We want our floor to have a little more character this time, so we’re going to give it some color:

  1. Open the Assets menu → Create → Material to create a new material asset in the project (you can see it in the Project view). Rename the material to “Material_Floor” or something similar by right-clicking and selecting Rename (or pressing Return while the material is selected).

  2. Ensure that the new material is selected in the Project view and use the Inspector to set the albedo color to something fancy. We recommend a nice orange color, but anything is fine. Your Inspector should look something like Figure 4-3.

    psml 0403
    Figure 4-3. The floor material
  3. Select the floor in the Hierarchy view and drag the new material from the Project view directly onto either the floor’s entry in the Project view, or the empty space at the bottom of the floor’s Inspector. The floor should change color in the Scene view, and the Inspector for the floor should have a new component, as shown in Figure 4-4.

    psml 0404
    Figure 4-4. The Inspector for the floor, showing the new Material component

That’s it for the floor! Make sure you save the scene before continuing.

The Walls

Next, we need to create some walls around the floor. Unlike in Chapter 2, we don’t want the agent to ever have the possibility of falling off the floor.

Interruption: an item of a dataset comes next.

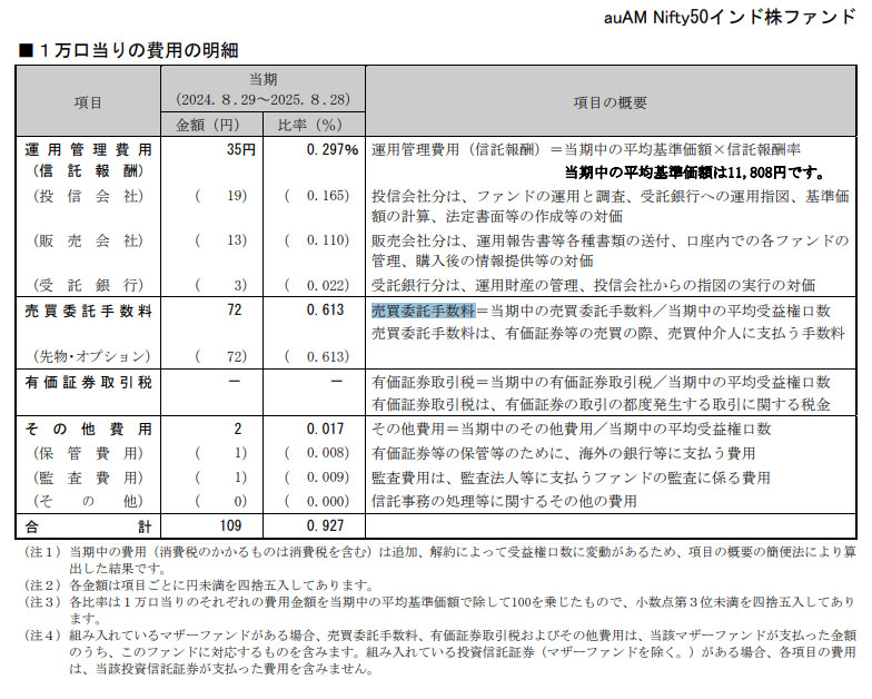 yahooファイナンスの「auAMインドNifty50」の掲示板を見ていたら “経費率1%超え” で手放したというポストがあり 「え?」と・・・ だってインドファンドの中で手数料が当時最安だったのでここを選んだのに。。。 実際、そのyahooファイナンスの情報でも「信託報酬」0.297%とある。 そりゃ隠れコストの存在も知ってるし当然このファンドにもあるだろうとは思っていましたが・・・。 別のポストで “売買委託手数料がめちゃくちゃかかってる” とありました。 そうなんだと思いファンドのページを確認してみると 確かに!「売買委託手数料」が0.613%もある! 合計で0.927%!!! こりゃ~騰がりませんw まぁそれでも2年前ぐらいまでは良かったのですが・・・。私が買ってからは。。。これ見て私も撤退することにしました。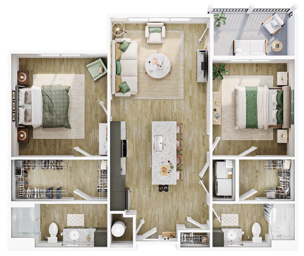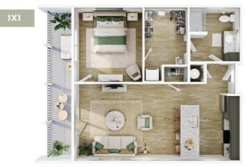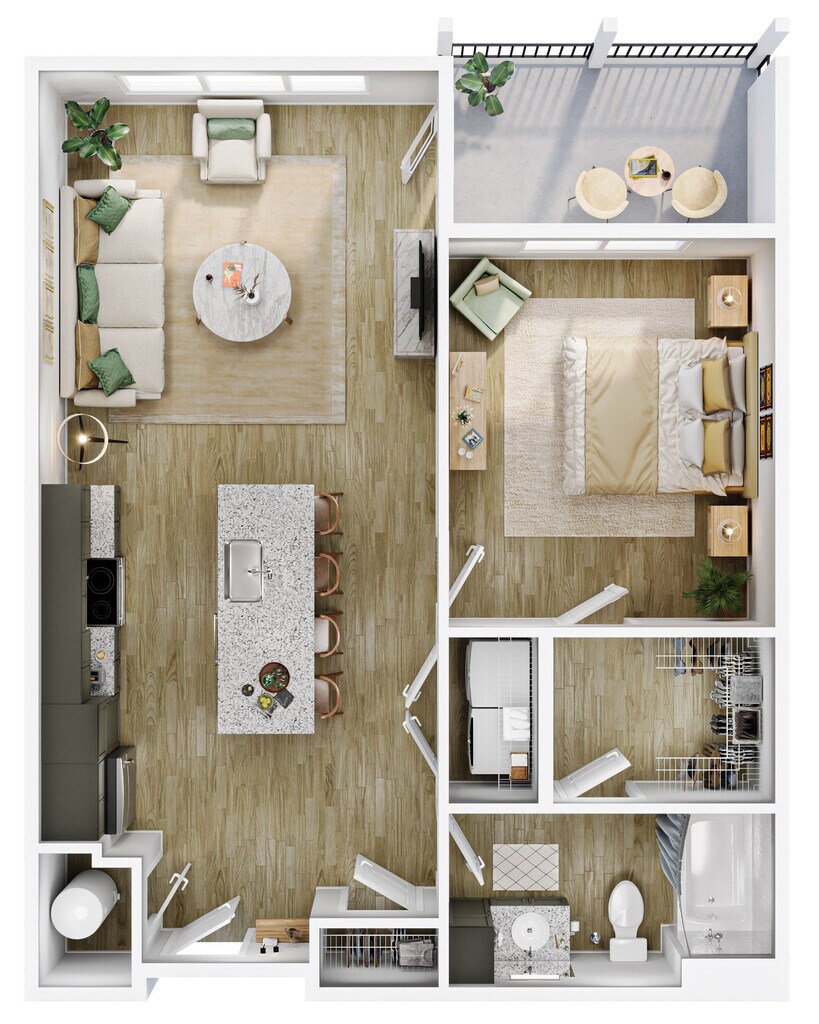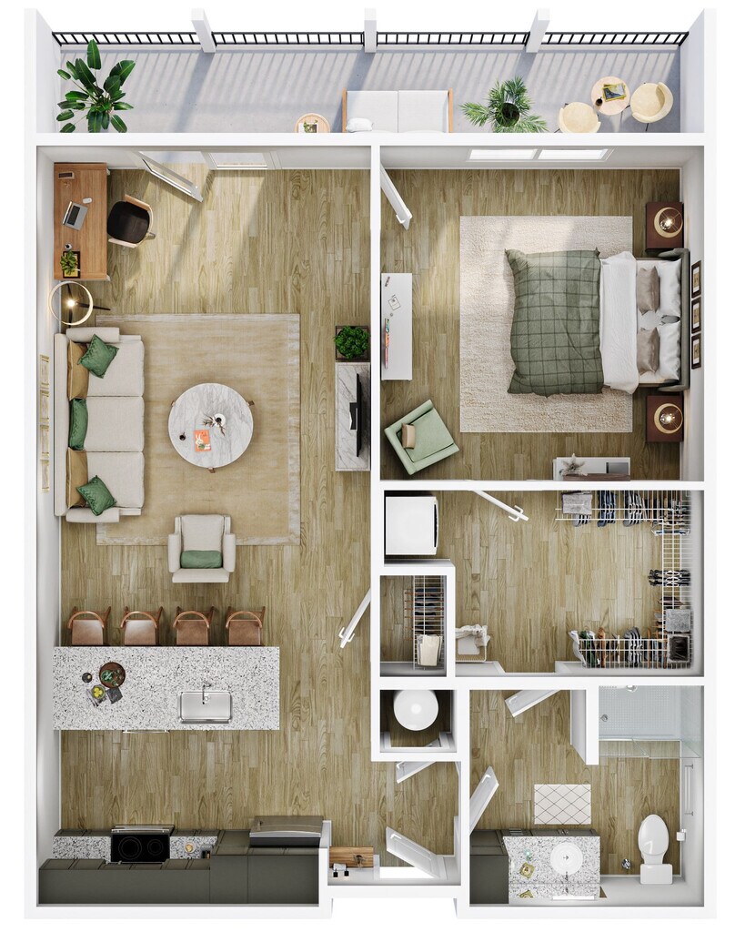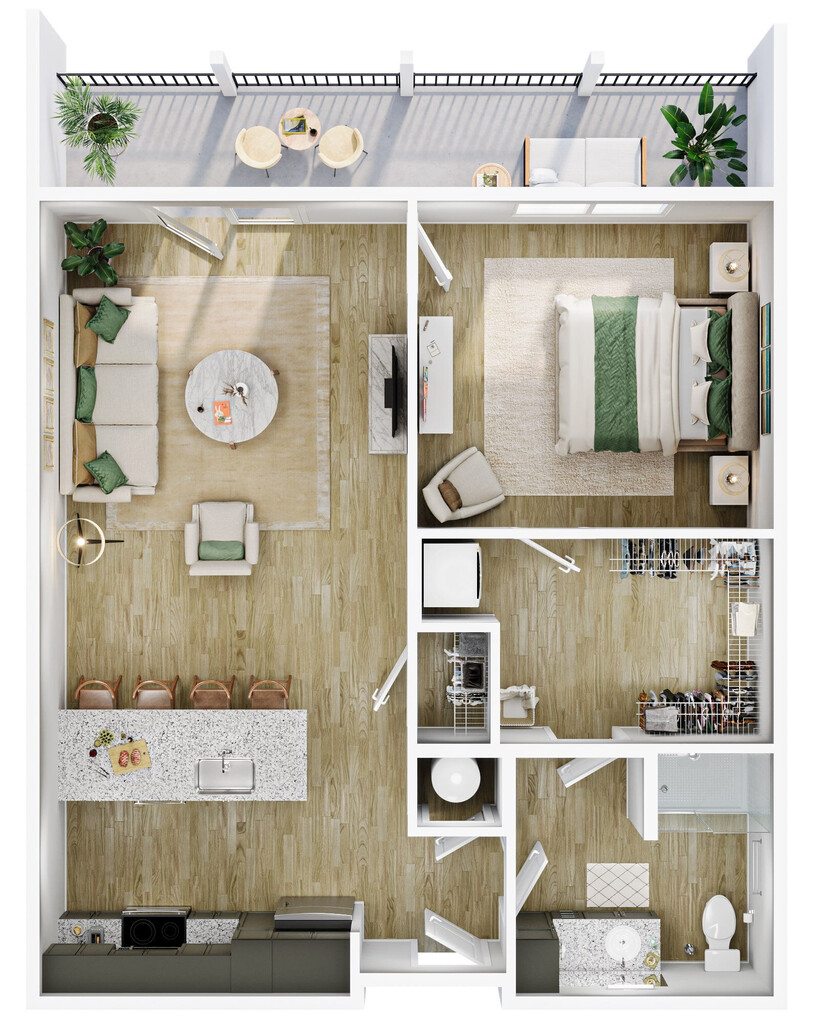 1 Dormitorio, 1 Baño, 822 pies²Disponible AhoraGalería del Modelo

To create walls, we’ll once again be using our old, versatile friend, the cube. Back in the Unity scene where you made the floor a moment ago, do the following:

  1. Create a new cube in the scene. Make it the same scale on the x-axis as the floor (so probably about 20), 1 unit high on the y-axis, and around 0.25 on the z-axis. It should look something like Figure 4-5.

    psml 0405
    Figure 4-5. The first wall
  2. Create a new material for the walls, give it a nice color, and apply it to the wall you’ve created. Ours is shown in Figure 4-6.

    psml 0406
    Figure 4-6. The new wall material
  3. Rename the cube “Wall” or something similar, and duplicate it once. These will be our walls on one axis. Don’t worry about moving them to the right position just yet.

  4. Duplicate one of the walls again and, using the Inspector, rotate it 90 degrees on the y-axis. Once it’s there, duplicate it.

    Tip

    You can switch to the move tool by pressing the W key on your keyboard.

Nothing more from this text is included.